Here is a list of these tests (all of them including resize to 128x171 and center-crop to 112x112), in the following results:
Reorder image from RGB to BGR, then subtract mean as is:
Basket clip Top 5: 0.84280 basketball 0.06940 streetball 0.02143 volleyball 0.01706 greco-roman wrestling 0.01373 freestyle wrestling Tennis clip Top 5: 0.19663 tennis 0.10200 powerbocking 0.06381 sepak takraw 0.04477 soft tennis 0.03622 aggressive inline skating 0.00000 badminton
Reorder first and third mean channels, then subtract mean:
Basket clip Top 5: 0.75358 basketball 0.10351 streetball 0.06247 volleyball 0.01341 greco-roman wrestling 0.01107 freestyle wrestling Tennis clip Top 5: 0.99985 tennis 0.00006 padel tennis 0.00006 pickleball 0.00002 soft tennis 0.00000 bowls
Subtract mean, reorder cropped image's channels from RGB to BGR:
Basket clip Top 5: 0.75358 basketball 0.10351 streetball 0.06247 volleyball 0.01341 greco-roman wrestling 0.01107 freestyle wrestling Tennis clip Top 5: 0.23638 tennis 0.06171 powerbocking 0.05763 sepak takraw 0.05232 soft tennis 0.04792 aggressive inline skating
Hi! I notice your results are the same with @apple2373 when you 'think' you are using RGB. Maybe you read image with opencv, and it will be in BGR order. So is it possible that you are actually using BGR but you suppose it is RGB?

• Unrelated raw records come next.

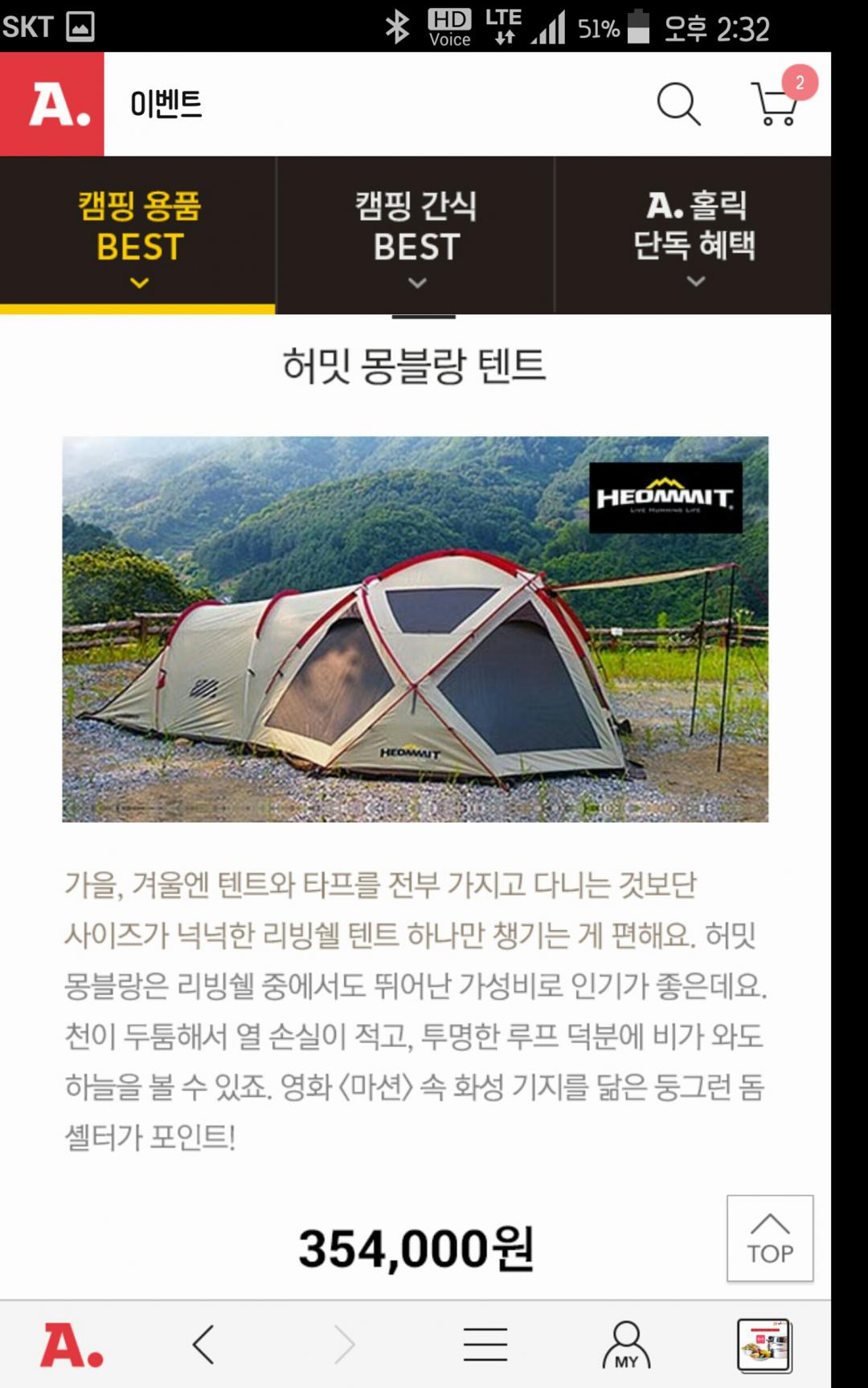 지금 허밋 몽블랑 텐트가 354,000입니다.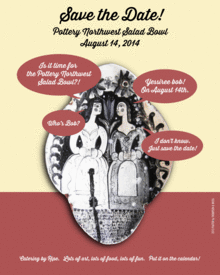 The Salad Bowl is THE big fund-raising event at Pottery Northwest that we do annually to support a wide variety of events throughout the year like our resident artist's shows and curated exhibitions that are free and open to the public. This year, we'll also be supporting our Artists in Residency program by raising money to cover studio fees for our artists in residence as well as some of their special project expenses.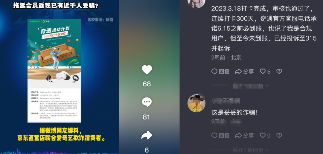很多网友开始在网上分享起诉奇遇VR主体青岛梦想绽放科技有限公司的经验贴,鼓励更多用户用法律手段维权,更有网友质疑这种行为是否涉嫌诈骗。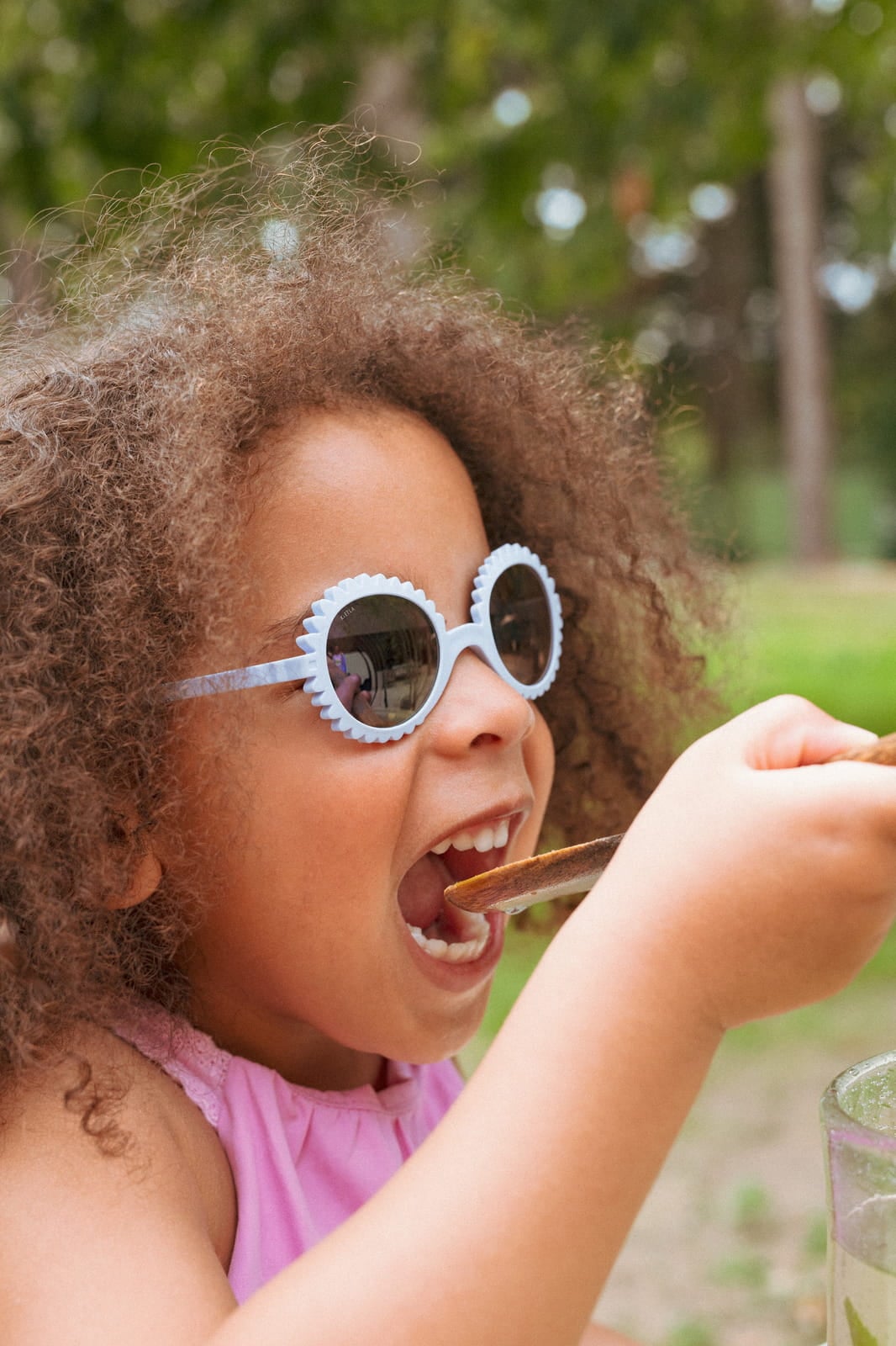 Ultralekkie okulary przeciwsłoneczne Fleur wyróżniają się okrągłymi soczewkami typu panto, subtelnymi detalami w kształcie płatków kwiatów oraz lustrzanymi soczewkami z poliwęglanu. W 100% wyprodukowane we Francji (region Ain), dostępne w kilku wariantach kolorystycznych. Zaprojektowane tak, aby towarzyszyć dzieciom w wieku od 0 do 4 lat (0–1, 1–2, 2–4 lata) podczas codziennych odkryć – na spacerze, placu zabaw czy wakacjach.

Hi guys, thanks for the explanations about the normalization. In this case, I tried the normalization method as followed. And the result is pretty good. If you are interested, you can definitely give this a try, too! :)
With Normalization& Channel swap:
import torchvision.transforms as transforms
X = get_sport_clip('roger')
X = Variable(X)
X.data = transforms.Normalize((0.485, 0.456, 0.406), (0.229, 0.224, 0.225))(X.data.permute(0, 2, 1, 3, 4))
X = X.data.permute(0, 2, 1, 3, 4)[:, [2,1,0], :, :, :] # channel swap
X = X.cuda()
Results:
Top 5:
1.00000 tennis
0.00000 padel tennis
0.00000 pickleball
0.00000 soft tennis
0.00000 match play
Only with Normalization, no channel swap:
import torchvision.transforms as transforms
X = get_sport_clip('roger')
X = Variable(X)
X.data = transforms.Normalize((0.485, 0.456, 0.406), (0.229, 0.224, 0.225))(X.data.permute(0, 2, 1, 3, 4))
X = X.data.permute(0, 2, 1, 3, 4)
X = X.cuda()
Results:
Top 5:
0.99993 tennis
0.00004 padel tennis
0.00002 soft tennis
0.00000 pickleball
0.00000 squash (sport)
Any conclusion regarding how to properly feed the model with RGB clips? What are the correct normalization and cropping steps?